Data supplied Block Start
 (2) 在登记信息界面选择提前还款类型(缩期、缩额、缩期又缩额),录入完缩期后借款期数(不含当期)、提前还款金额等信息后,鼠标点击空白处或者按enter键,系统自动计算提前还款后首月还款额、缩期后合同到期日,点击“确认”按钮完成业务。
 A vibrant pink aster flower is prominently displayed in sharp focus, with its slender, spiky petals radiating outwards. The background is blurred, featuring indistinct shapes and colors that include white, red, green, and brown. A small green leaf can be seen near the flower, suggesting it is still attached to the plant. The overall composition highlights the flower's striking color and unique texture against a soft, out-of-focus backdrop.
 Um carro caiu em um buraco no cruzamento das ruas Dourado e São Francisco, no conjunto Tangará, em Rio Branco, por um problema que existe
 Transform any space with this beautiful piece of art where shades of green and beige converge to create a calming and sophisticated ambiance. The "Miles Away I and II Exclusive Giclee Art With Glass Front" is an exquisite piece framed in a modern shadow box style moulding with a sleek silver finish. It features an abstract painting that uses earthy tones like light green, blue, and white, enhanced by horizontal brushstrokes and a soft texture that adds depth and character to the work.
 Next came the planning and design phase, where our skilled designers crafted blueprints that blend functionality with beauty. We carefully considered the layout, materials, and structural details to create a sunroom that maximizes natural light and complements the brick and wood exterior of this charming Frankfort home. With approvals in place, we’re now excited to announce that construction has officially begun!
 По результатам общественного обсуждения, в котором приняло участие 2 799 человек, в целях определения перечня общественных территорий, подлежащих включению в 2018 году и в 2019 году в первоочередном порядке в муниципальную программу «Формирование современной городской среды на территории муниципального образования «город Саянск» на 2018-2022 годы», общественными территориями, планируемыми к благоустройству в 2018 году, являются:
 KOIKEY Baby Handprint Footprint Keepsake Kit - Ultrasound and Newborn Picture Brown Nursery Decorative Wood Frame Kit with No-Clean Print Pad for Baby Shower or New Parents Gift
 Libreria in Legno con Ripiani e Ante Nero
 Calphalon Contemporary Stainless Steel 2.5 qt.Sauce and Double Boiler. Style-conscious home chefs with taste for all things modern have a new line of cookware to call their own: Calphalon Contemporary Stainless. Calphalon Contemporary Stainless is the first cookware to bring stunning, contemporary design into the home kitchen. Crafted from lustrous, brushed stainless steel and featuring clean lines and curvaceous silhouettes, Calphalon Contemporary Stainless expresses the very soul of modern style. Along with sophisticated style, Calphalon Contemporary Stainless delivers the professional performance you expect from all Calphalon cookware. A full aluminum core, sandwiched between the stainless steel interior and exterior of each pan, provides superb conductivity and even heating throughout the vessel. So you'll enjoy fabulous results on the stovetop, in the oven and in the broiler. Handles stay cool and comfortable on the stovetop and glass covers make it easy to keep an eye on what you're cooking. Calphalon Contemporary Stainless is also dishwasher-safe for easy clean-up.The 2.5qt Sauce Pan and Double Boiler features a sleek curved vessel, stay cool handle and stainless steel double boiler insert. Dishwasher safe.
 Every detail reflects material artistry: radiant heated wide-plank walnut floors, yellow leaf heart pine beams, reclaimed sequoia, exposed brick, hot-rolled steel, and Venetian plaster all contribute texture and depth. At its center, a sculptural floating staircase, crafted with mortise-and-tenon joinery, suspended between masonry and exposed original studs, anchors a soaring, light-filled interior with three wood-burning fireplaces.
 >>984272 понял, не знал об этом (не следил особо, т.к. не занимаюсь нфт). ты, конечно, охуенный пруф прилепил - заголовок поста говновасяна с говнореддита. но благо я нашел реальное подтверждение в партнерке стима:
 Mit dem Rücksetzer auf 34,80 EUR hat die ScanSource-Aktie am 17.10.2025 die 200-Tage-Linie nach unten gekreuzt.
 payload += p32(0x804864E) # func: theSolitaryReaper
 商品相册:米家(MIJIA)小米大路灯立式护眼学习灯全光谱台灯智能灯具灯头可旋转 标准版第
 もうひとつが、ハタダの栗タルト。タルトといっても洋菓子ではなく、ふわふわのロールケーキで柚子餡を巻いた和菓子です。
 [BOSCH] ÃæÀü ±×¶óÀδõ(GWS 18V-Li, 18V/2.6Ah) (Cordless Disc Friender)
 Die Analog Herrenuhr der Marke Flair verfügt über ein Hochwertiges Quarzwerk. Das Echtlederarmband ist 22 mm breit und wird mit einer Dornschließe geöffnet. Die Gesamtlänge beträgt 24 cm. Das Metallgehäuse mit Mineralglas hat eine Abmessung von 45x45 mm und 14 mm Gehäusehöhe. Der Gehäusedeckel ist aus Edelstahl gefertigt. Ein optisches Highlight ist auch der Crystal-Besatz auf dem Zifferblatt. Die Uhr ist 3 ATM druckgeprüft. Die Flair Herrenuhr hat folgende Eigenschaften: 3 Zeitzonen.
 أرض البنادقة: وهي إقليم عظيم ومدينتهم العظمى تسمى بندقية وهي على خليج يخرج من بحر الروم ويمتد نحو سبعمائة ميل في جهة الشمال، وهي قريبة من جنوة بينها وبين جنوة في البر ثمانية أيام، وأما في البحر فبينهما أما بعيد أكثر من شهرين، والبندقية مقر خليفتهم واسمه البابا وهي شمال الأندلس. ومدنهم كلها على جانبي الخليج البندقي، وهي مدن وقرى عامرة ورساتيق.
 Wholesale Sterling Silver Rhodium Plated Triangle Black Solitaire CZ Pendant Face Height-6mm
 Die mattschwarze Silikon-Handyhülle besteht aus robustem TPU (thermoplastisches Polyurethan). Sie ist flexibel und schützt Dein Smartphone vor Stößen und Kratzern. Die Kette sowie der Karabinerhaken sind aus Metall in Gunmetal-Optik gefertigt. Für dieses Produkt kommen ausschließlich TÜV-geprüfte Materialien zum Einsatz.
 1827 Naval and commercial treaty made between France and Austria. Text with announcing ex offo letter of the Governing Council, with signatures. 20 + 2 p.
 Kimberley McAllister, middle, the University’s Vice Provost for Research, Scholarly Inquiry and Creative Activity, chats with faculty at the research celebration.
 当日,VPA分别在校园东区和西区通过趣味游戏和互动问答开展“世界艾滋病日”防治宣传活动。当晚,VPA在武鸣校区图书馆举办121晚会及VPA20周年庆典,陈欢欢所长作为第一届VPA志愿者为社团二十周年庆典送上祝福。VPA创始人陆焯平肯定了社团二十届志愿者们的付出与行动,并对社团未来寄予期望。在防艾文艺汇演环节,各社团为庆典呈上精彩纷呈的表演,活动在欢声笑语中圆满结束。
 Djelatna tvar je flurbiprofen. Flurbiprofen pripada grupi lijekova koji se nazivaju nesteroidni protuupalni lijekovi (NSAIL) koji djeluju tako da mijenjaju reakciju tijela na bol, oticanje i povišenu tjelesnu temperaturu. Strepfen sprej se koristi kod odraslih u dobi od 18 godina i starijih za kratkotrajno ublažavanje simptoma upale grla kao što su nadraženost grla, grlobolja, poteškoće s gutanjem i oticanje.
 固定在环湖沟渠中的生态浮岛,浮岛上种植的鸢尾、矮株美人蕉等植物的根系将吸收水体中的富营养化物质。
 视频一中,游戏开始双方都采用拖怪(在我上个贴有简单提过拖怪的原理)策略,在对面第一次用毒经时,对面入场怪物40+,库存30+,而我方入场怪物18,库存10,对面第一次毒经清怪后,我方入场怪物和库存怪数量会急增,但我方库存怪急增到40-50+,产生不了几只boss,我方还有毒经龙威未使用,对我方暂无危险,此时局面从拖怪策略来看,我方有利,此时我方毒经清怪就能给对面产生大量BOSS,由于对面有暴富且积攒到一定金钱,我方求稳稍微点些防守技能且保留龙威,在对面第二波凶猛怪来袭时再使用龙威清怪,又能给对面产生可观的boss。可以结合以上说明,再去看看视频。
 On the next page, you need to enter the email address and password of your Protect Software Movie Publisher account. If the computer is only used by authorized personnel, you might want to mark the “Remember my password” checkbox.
Data supplied Block End
_What to work on:_
Everything starting at the line containing "понял, не знал" and ending at the line containing "Mit dem Rücksetzer" in the records above should be repeated exactly, and only that.

_Answer:_
 >>984272 понял, не знал об этом (не следил особо, т.к. не занимаюсь нфт). ты, конечно, охуенный пруф прилепил - заголовок поста говновасяна с говнореддита. но благо я нашел реальное подтверждение в партнерке стима:
 Mit dem Rücksetzer auf 34,80 EUR hat die ScanSource-Aktie am 17.10.2025 die 200-Tage-Linie nach unten gekreuzt.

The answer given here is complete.